Models such as these are only as good as the data on which they are based, Dr. Hupert said. Each day, he receives data from state and city health officials on the number of COVID-19 tests administered throughout the state and their results, the numbers of patients admitted to hospitals throughout New York State, the availability of hospital beds and ventilators, and deaths from SARS-CoV-2, the virus that causes COVID-19.

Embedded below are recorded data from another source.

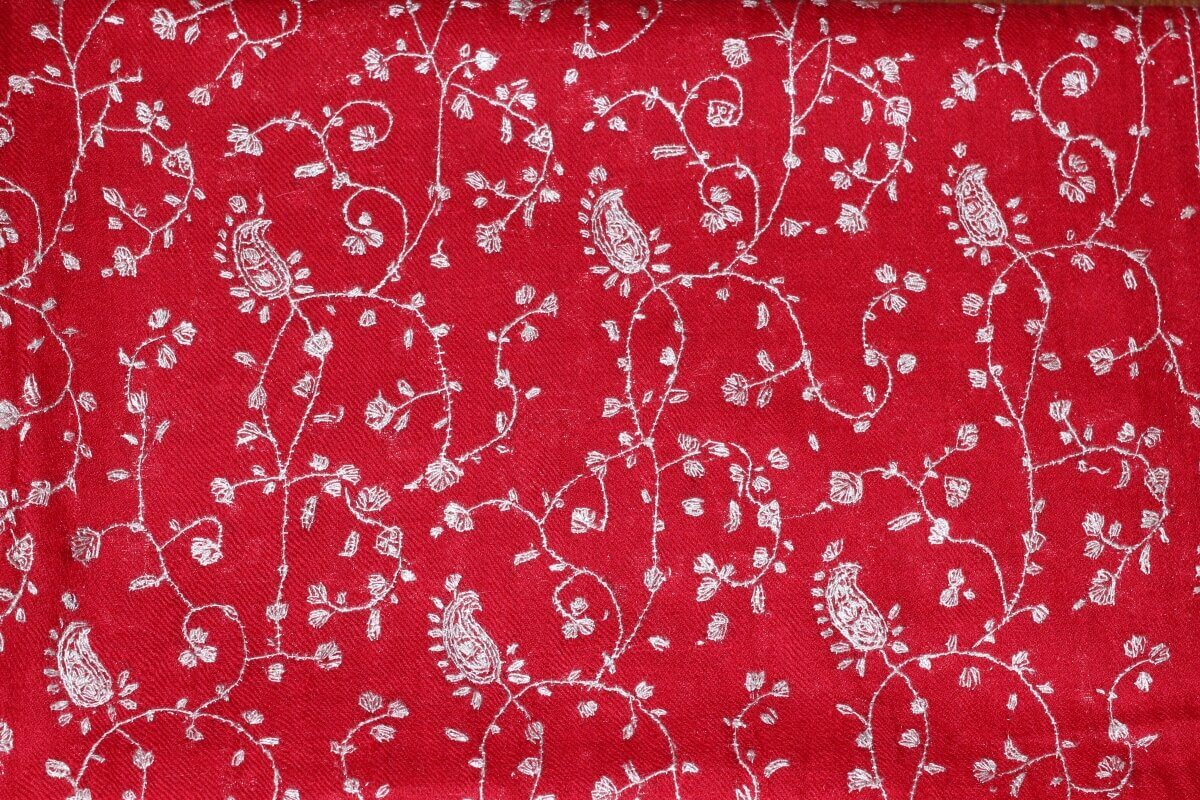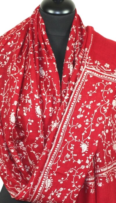 Pashmina Rouge Impérial Brodé à la Main en Cachemire – Véritable Œuvre d’Art des Artisans du Cachemire
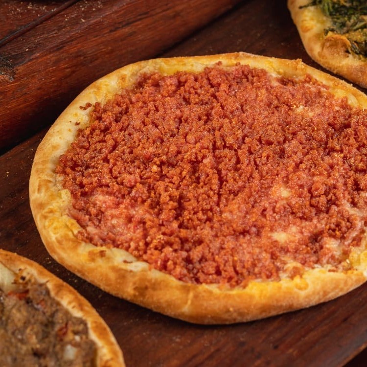 Muçarela, calabresa e cebola.
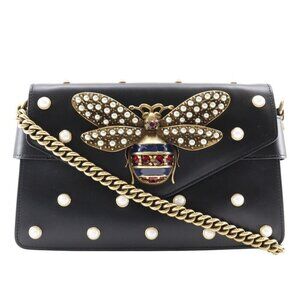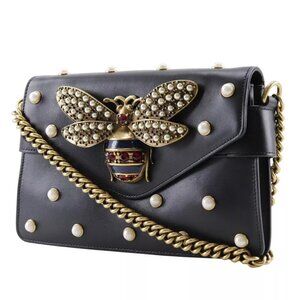 GUCCI Broadway Shoulder Bag 453778 ChainShoulder Pearl & Bee black Calfski...
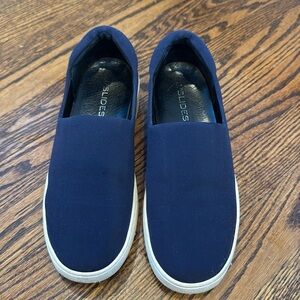 J Slides navy thick scuba fabric white sidewall slip on  loafers. Padded heel. Size 9. Light wear. Nonsmoking home.

Even very simple modeling frameworks, which produce what in modeling circles are called “toy models,” can help both scientists and policy makers better understand the problem at hand.  Dr. Hupert notes that problems may arise when these simple models are taken to reflect—or worse, predict—reality on the ground. He notes, for example, that models that assume that all outbreaks of COVID-19 will exhibit an exponential rise in cases may hold true only for a brief period of time – or never in certain locations. This is because it takes sophisticated models to be able to capture the full complexity of how this novel virus is now traveling through real and varied communities – such as the different boroughs of New York City—and it takes teams of dedicated mathematicians and physicists weeks to properly determine the correct values to accurately reflect what is known about the current outbreak.

“It's possible that introduction of this virus into medically vulnerable communities across the city and country is like a spark that causes early ‘hotspots,’ which leave in their wake very local concentrations of hospitalizations, illness and suffering for those who may have the least means to manage them.  As the virus moves on to other locales, through transmission mechanisms that we are still trying to discover, we see the emergence of the larger wave of infections that even simple models can then represent,” he explained.

Hupert, whose work in public health emergency preparedness and support for New York City and national leaders predates 9/11, originally created the framework for the Cornell COVID Caseload Calculator C5V with two faculty from Cornell University’s School of Operations Research and Information Engineering. Working on the 2014 West Africa Ebola outbreak for the U.S. federal government, Dr. Hupert turned to Drs. John A. (“Jack”) Muckstadt and Peter L. Jackson to help build models to predict how large Ebola medical treatment facilities would need to be to work effectively. The process of creating the Cornell Calculator helped speed the development of the hospital component of the COVID19 International model, which he and his colleagues in the CoMo Collaborative are making freely available to help hospital leaders across the country and around the world during the current crisis.

“Dr. Nathaniel Hupert has dedicated his career to disaster preparedness,” said Dr. Rainu Kaushal, chair of the Department of Population Health Sciences and senior associate dean for clinical research at Weill Cornell Medicine. “He is applying decades of knowledge to this moment in history to help us understand and rapidly plan for this pandemic. I am proud of his remarkable contributions to assist people across the world, especially New Yorkers.”